◆ **What to do**
Since the pictures are not wanted, copy only the text of every record exactly.

◆ **Material provided**
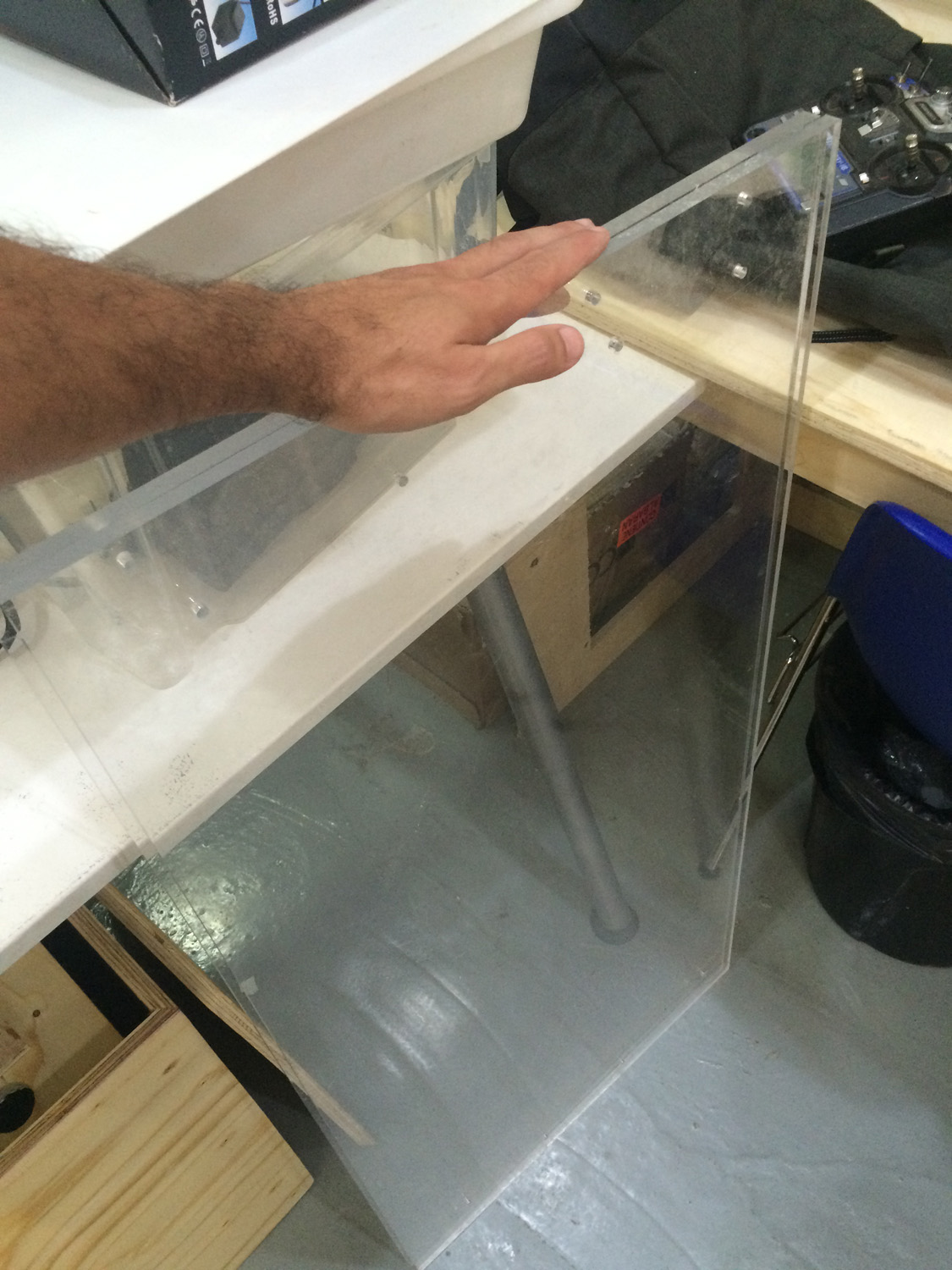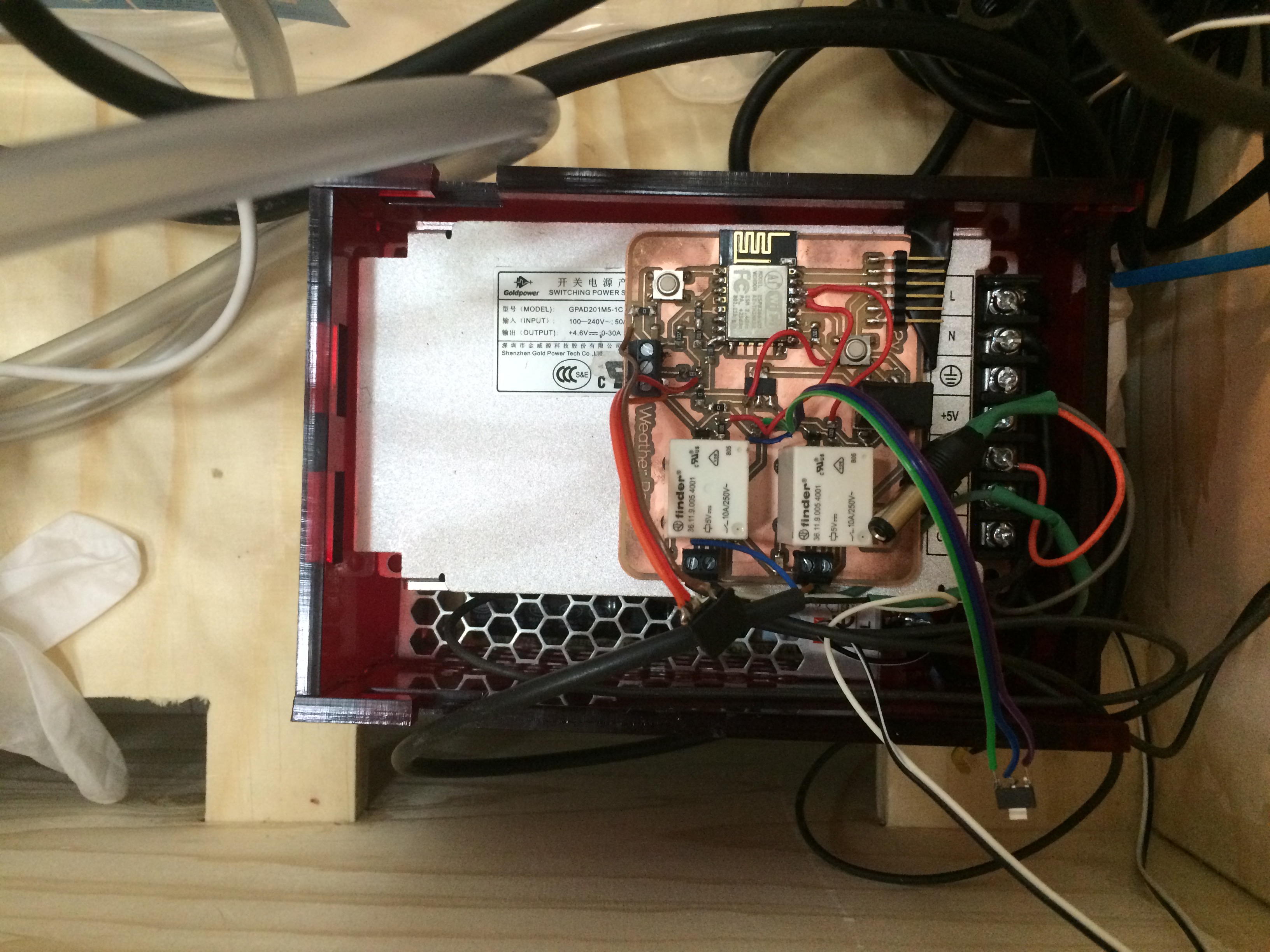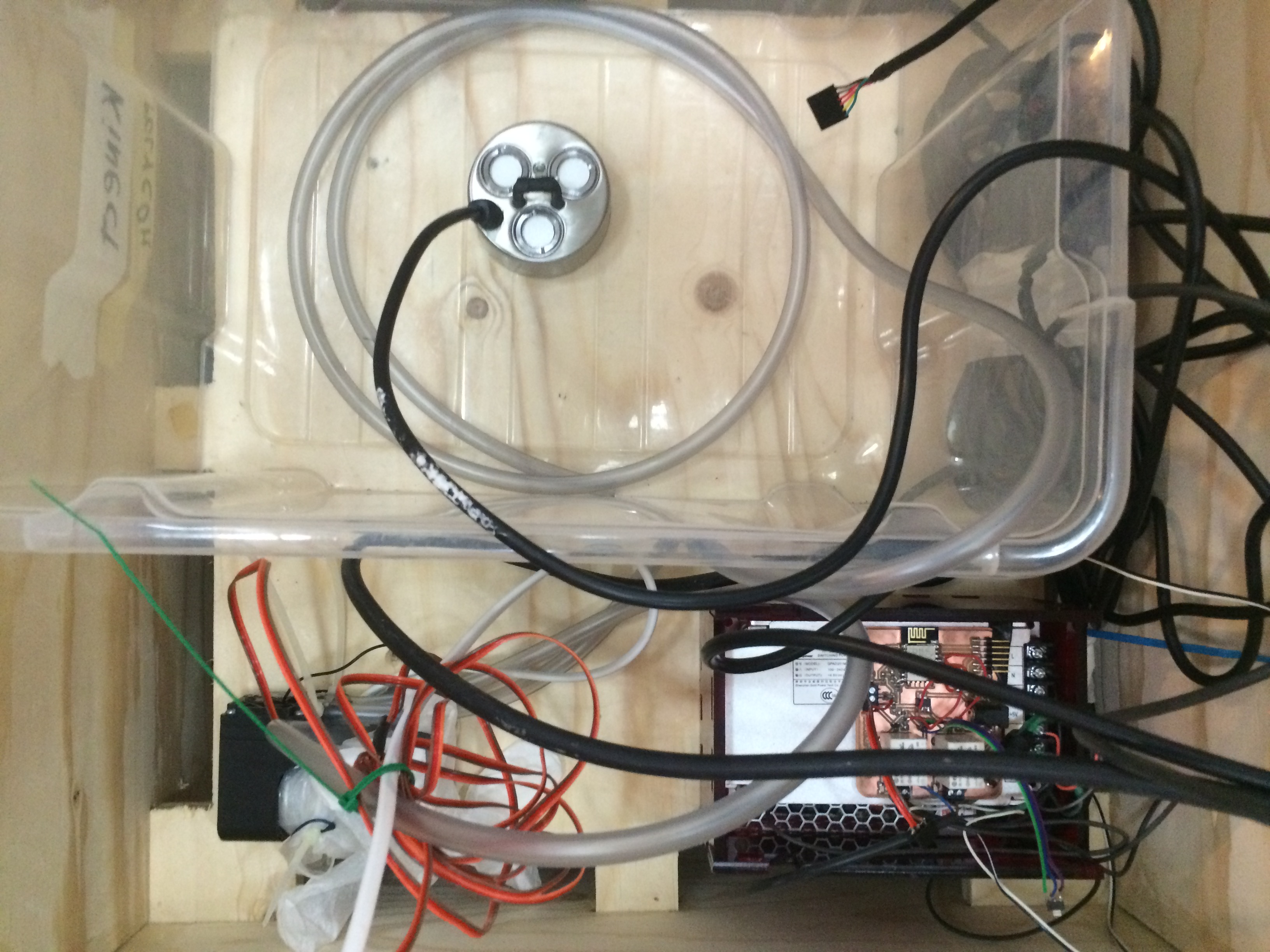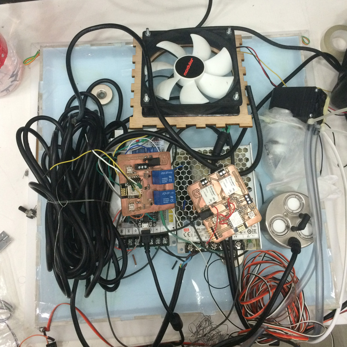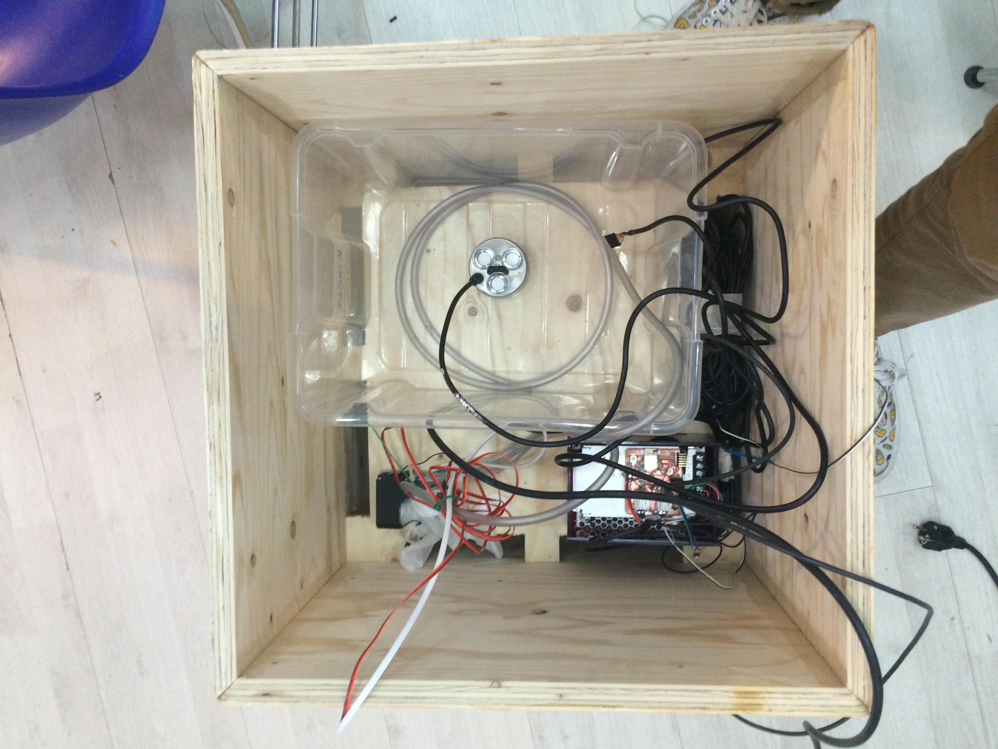You can see the water tank with the mist maker, the water pump protected by a latex glove to avoid the humidity and the box that holds all the electronics.
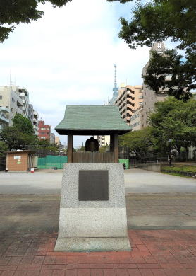 ![]() 両 国 物 語 津軽の太鼓・津軽家上屋敷跡 8 南割下水に面した弘前藩主・津軽越中守の上屋敷には、火の見櫓がありました。通常、火の見櫓で火災を 知らせる時は板木を鳴らしますが、この櫓には板木の代わりに太鼓が下がっていて、その太鼓で火事を知 らせていました。なぜ、この屋敷の櫓だけに太鼓が許されていたのか誰も知らず、不思議なこととされて いました。これが本所七不思議の一つ「津軽の太鼓」の話です。七不思議とはいいますが、伝説などの伝 わり方によって話もまちまちで、話の数も七つと決まったわけではありません。この「津軽の太鼓」には 「越中守屋敷の火の見櫓の板木を鳴らすと、奇妙なことに太鼓の音がする」という話も伝えられています。 墨 田 区 |
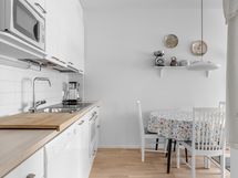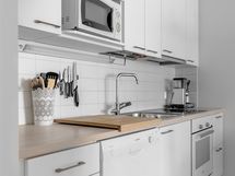 - Jääkaappipakastin, erillisuuni, induktioliesi, liesituuletin, astianpesukone, kaapistot, kiinteät valaisimet.
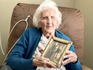 “I’m 97 years old. I grew up in Schlater, Mississippi on my granddaddy’s farm on the Quiver River. My granddaddy owned 80 acres, and my dad and uncle farmed it. I helped them clear the land. We poisoned the trees so they would die and fall. We plowed the land with a mule. I hoed and picked cotton. We worked on the farm and swam in the river to cool off. I never knew anything except work. My daddy was also a fisherman. When I came from school, my brother and I sat beside the fireplace and knitted his nets. We didn’t have much money, but there was always plenty to eat. Granddaddy grew things or hunted and brought food home.
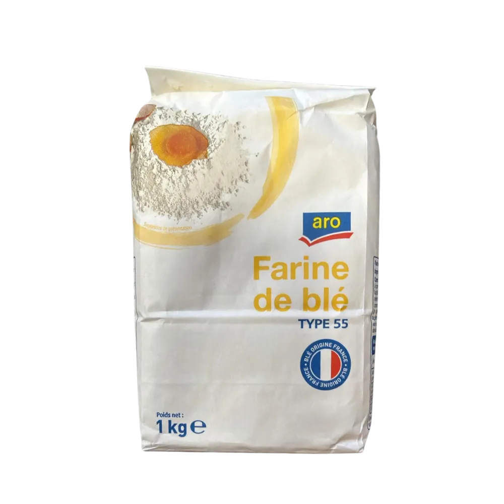 High-quality French T55 wheat flour, perfect for baking bread, pastries, and general cooking.
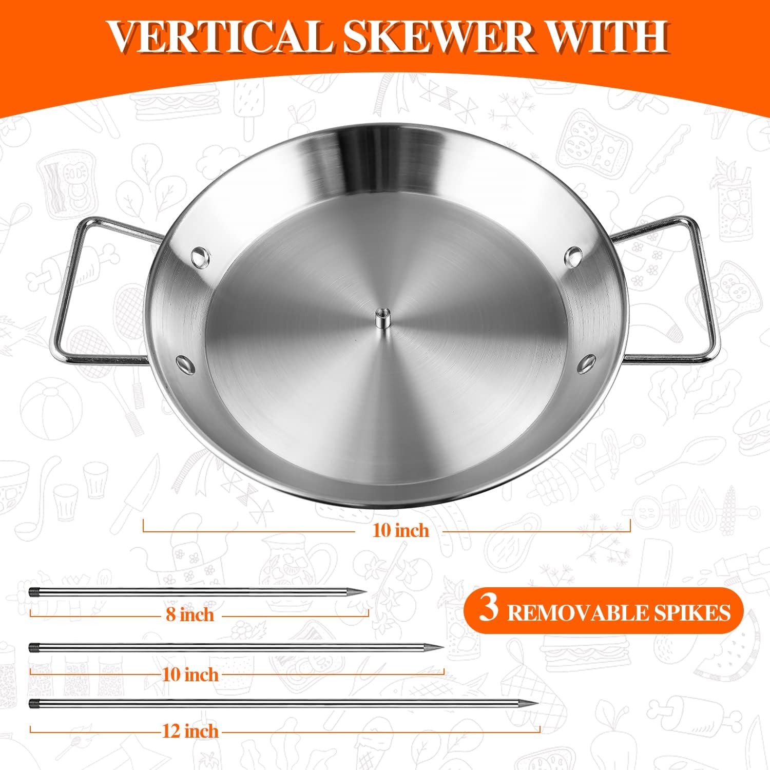 - 【Adjustable spikes】: This vertical skewer Al pastor has 3 different lengths of Stick(8" ,10" ,12" ) and fits most ovens, smokers, grills, etc. The upright grill replaces the traditional fragile bamboo skewers, which are more durable and can handle several pounds of meat without tipping over. The sticks are thick and won't break and tilt, and the sharp point makes the meat easy to stack.
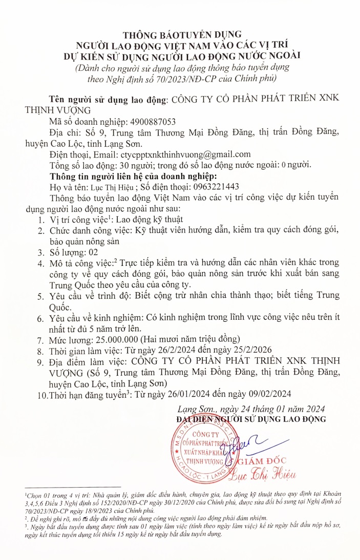 CÔNG TY CỔ PHẦN PHÁT TRIỂN XNK THỊNH VƯỢNG
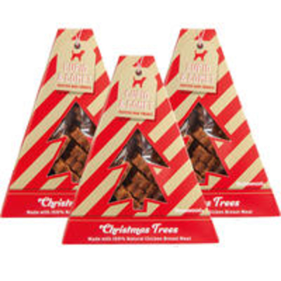 Leckere Hühnchenfleisch-Tannenbäumchen in einer schicken, festlichen Verpackung. Die niedlichen Bäumchen sind fettarm, glutenfrei und werden ohne Zucker- oder Salzzusatz hergestellt. Eine feine Leckerei für Ihren Vierbeiner, oder auch als Mitbringsel für andere Hundehaushalte zur Weihnachtszeit. Größe: ca. 18x 16x 4 cm, Snacks: ca. 4 x 3 x 1 cm
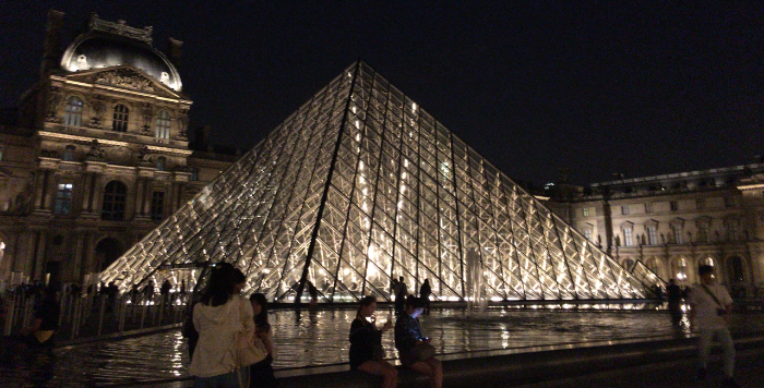 しかしながら、どうしても連れて行きたいらしく、おとなしくピエールに連れられるがまま僕はルーブルに向かいました。夜のルーブルに着くと、前回来たときとは全く違う雰囲気を醸し出していました。

◆ **The answer**
You can see the water tank with the mist maker, the water pump protected by a latex glove to avoid the humidity and the box that holds all the electronics.
 ![]() 両 国 物 語 津軽の太鼓・津軽家上屋敷跡 8 南割下水に面した弘前藩主・津軽越中守の上屋敷には、火の見櫓がありました。通常、火の見櫓で火災を 知らせる時は板木を鳴らしますが、この櫓には板木の代わりに太鼓が下がっていて、その太鼓で火事を知 らせていました。なぜ、この屋敷の櫓だけに太鼓が許されていたのか誰も知らず、不思議なこととされて いました。これが本所七不思議の一つ「津軽の太鼓」の話です。七不思議とはいいますが、伝説などの伝 わり方によって話もまちまちで、話の数も七つと決まったわけではありません。この「津軽の太鼓」には 「越中守屋敷の火の見櫓の板木を鳴らすと、奇妙なことに太鼓の音がする」という話も伝えられています。 墨 田 区 |
 - Jääkaappipakastin, erillisuuni, induktioliesi, liesituuletin, astianpesukone, kaapistot, kiinteät valaisimet.
 “I’m 97 years old. I grew up in Schlater, Mississippi on my granddaddy’s farm on the Quiver River. My granddaddy owned 80 acres, and my dad and uncle farmed it. I helped them clear the land. We poisoned the trees so they would die and fall. We plowed the land with a mule. I hoed and picked cotton. We worked on the farm and swam in the river to cool off. I never knew anything except work. My daddy was also a fisherman. When I came from school, my brother and I sat beside the fireplace and knitted his nets. We didn’t have much money, but there was always plenty to eat. Granddaddy grew things or hunted and brought food home.
 High-quality French T55 wheat flour, perfect for baking bread, pastries, and general cooking.
 - 【Adjustable spikes】: This vertical skewer Al pastor has 3 different lengths of Stick(8" ,10" ,12" ) and fits most ovens, smokers, grills, etc. The upright grill replaces the traditional fragile bamboo skewers, which are more durable and can handle several pounds of meat without tipping over. The sticks are thick and won't break and tilt, and the sharp point makes the meat easy to stack.
 CÔNG TY CỔ PHẦN PHÁT TRIỂN XNK THỊNH VƯỢNG
 Leckere Hühnchenfleisch-Tannenbäumchen in einer schicken, festlichen Verpackung. Die niedlichen Bäumchen sind fettarm, glutenfrei und werden ohne Zucker- oder Salzzusatz hergestellt. Eine feine Leckerei für Ihren Vierbeiner, oder auch als Mitbringsel für andere Hundehaushalte zur Weihnachtszeit. Größe: ca. 18x 16x 4 cm, Snacks: ca. 4 x 3 x 1 cm
 しかしながら、どうしても連れて行きたいらしく、おとなしくピエールに連れられるがまま僕はルーブルに向かいました。夜のルーブルに着くと、前回来たときとは全く違う雰囲気を醸し出していました。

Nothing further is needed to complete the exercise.